▶ [About this task]: Each line of the data below goes into the copy exactly; pictures do not.

▶ [Dataset section]:
-----

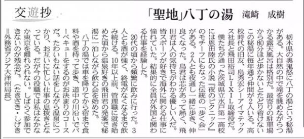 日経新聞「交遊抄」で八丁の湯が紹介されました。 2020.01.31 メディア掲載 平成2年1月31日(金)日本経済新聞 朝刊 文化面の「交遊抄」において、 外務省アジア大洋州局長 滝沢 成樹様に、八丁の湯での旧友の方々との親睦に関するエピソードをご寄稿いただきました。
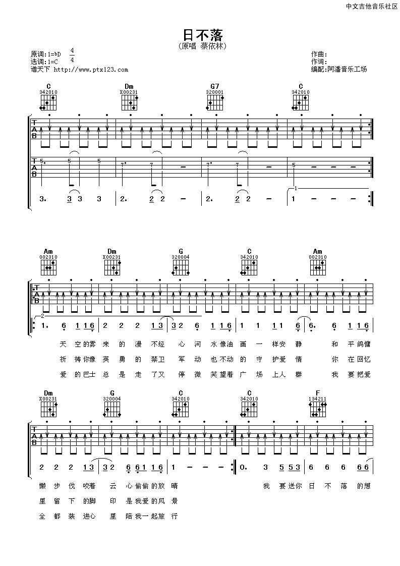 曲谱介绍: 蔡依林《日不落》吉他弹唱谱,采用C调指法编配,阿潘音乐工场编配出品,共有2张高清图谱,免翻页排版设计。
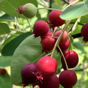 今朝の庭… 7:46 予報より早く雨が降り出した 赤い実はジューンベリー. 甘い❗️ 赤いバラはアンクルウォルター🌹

-----

▶ [Task output]:
 日経新聞「交遊抄」で八丁の湯が紹介されました。 2020.01.31 メディア掲載 平成2年1月31日(金)日本経済新聞 朝刊 文化面の「交遊抄」において、 外務省アジア大洋州局長 滝沢 成樹様に、八丁の湯での旧友の方々との親睦に関するエピソードをご寄稿いただきました。
 曲谱介绍: 蔡依林《日不落》吉他弹唱谱,采用C调指法编配,阿潘音乐工场编配出品,共有2张高清图谱,免翻页排版设计。
 今朝の庭… 7:46 予報より早く雨が降り出した 赤い実はジューンベリー. 甘い❗️ 赤いバラはアンクルウォルター🌹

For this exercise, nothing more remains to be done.